Ever been driving and you look at the car next to you and someone is knuckle deep picking out a booger with the window open? Maybe they think no one notices, maybe they don’t care.
Why don’t they do the same thing outside the car if they’d be visibly exposed in both situations?
You could write a super deep song about false sense of security, inspired entirely out of watching this and no one would know this is where you got the song from.
It would actually be pretty funny and take a lot of the pressure of songwriting off.
So watching people, analyzing their behavior, and even playfully making up backstories for them can be a source of inspiration. Make it a game. Give it a shot next time you’re at the mall, or at a bar.
Dreams are a peek into your subconscious. When you sleep, your brain often works out problems, processes whatever happened during the day, or sometimes just shows you something really weird.
Many artists have weird dreams and then put that into their work. As a musician you might even get melodies, riffs and chord progressions from this. You might have had this happen to you already, where you have a dream with a really sick riff or melody and wake up at 4am to grab your guitar and try to transcribe it.
I recommend you keep a dream journal and write down whatever you can remember first thing in the morning. Keywords are fine if you want to keep it short. (Ex. Zombies attacking my neighborhood, laser shotgun, Pedro Pascal driving a tank through my house. You know, keywords).
This will help you have more vivid dreams, and it increases the chances you’ll have them and remember them more often. Then you can write songs about them.
Cool Song Titles
This is a really useful approach. I’ve used it. I know many other musicians who do this, and it is to come up with a cool sounding song title and write a song based on how the title makes you feel or come up with a witty concept with an unexpected twist.

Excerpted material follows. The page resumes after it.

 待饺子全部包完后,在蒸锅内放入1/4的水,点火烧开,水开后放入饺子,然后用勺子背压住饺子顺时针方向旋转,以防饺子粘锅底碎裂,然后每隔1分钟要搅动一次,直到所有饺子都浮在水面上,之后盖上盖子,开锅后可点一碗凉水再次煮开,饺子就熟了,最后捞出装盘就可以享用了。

Maybe you came up with something like “Old Man Strength” and it inspires your pop punk band to write a funny song about how strong one of your bandmates’ grandfathers is.

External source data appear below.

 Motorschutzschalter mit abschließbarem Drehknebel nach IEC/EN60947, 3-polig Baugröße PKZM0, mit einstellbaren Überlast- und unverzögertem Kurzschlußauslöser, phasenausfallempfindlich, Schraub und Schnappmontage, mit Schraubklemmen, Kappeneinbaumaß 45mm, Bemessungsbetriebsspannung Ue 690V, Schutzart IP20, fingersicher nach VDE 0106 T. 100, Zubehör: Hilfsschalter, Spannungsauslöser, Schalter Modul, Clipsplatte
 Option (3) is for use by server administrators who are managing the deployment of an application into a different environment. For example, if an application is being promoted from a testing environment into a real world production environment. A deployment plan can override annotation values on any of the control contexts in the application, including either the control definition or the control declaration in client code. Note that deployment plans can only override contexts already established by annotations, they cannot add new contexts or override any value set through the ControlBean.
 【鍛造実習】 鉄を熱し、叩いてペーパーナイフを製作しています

Or you come up with something exotic like “Sands of Chronos” and write a 12 minute prog rock track in Harmonic Phrygian about an immortal sand wizard.

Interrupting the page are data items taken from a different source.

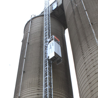 Le mât est en acier galvanisé. L’érection du mât d’ascenseur s’effectue à partir de la cabine elle-même. S’il est installé au début du processus de construction, l’ascenseur peut souvent être utilisé dans la construction proprement dite du bâtiment sur lequel il restera ensuite comme ascenseur permanent.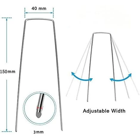 Convient pour la fixation de voiles anti-herbe, de tissu de sol, de grilles de protection de pelouse, de tissu anti-herbe, mais aussi pour la fixation de tuyaux et de câbles dans le sol.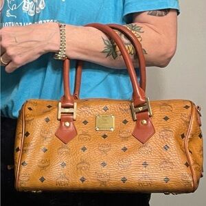 MCM Authentic Vintage Tan and Brown Visetos Handbag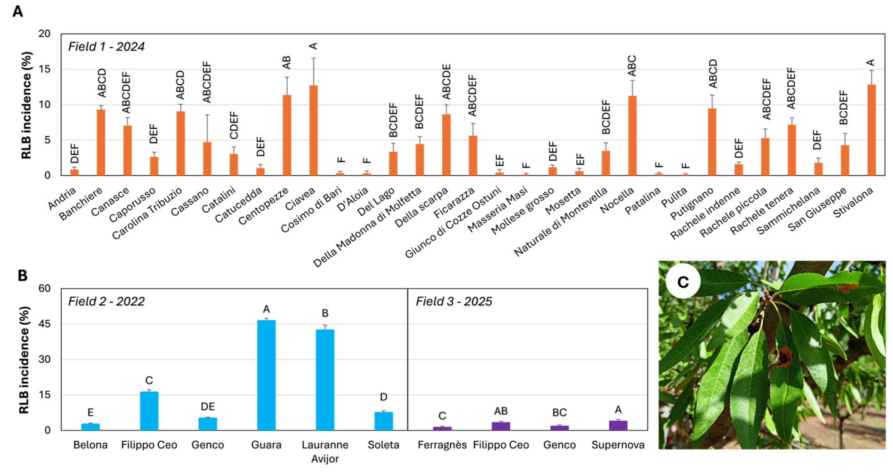 In 2024, RLB symptoms were more prevalent, enabling statistical comparisons among cultivars. ‘Stivalona’ and ‘Ciavea’ showed the highest incidence (12.8% and 12.7%, respectively), differing significantly from all other cultivars. ‘Centopezze’, ‘Nocella’, ‘Putignano’, ‘Banchiere’, ‘Carolina Tribuzio’, ‘Della Scarpa’, ‘Rachele tenera’, and ‘Canasce’ showed incidences between 11.4% and 7.1%. Conversely, ‘Catucedda’, ‘Cosimo di Bari’, ‘D’Aloia’, ‘Giunco di Cozze’, ‘Ostuni’, ‘Masseria Masi’, ‘Mollese grosso’, ‘Mosetta’, ‘Patalina’, and ‘Pulita’ exhibited incidences below 2%. Intermediate responses were recorded in the remaining cultivars (
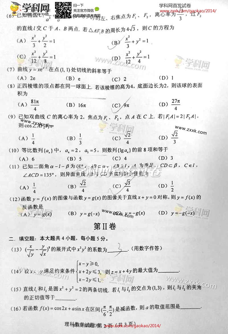 2014年全国高考大纲理数卷及答案(图文版)(2)

Words have aesthetics, and you can use them as inspiration to write songs. It also doesn’t hurt to have some cool sounding titles in case you need one for a song or album name.
Wrapping it up
When you are writing a lot of songs writer’s block is unavoidable, and should be seen as a sign that you are progressing and pushing yourself.
I hope this list gives you some places to turn to for inspiration when the natural drive and inspiration isn’t coming.
It’s also totally cool to just throw things at the wall and see what sticks because sometimes creating is more about discovering the song and listening for what it is asking for.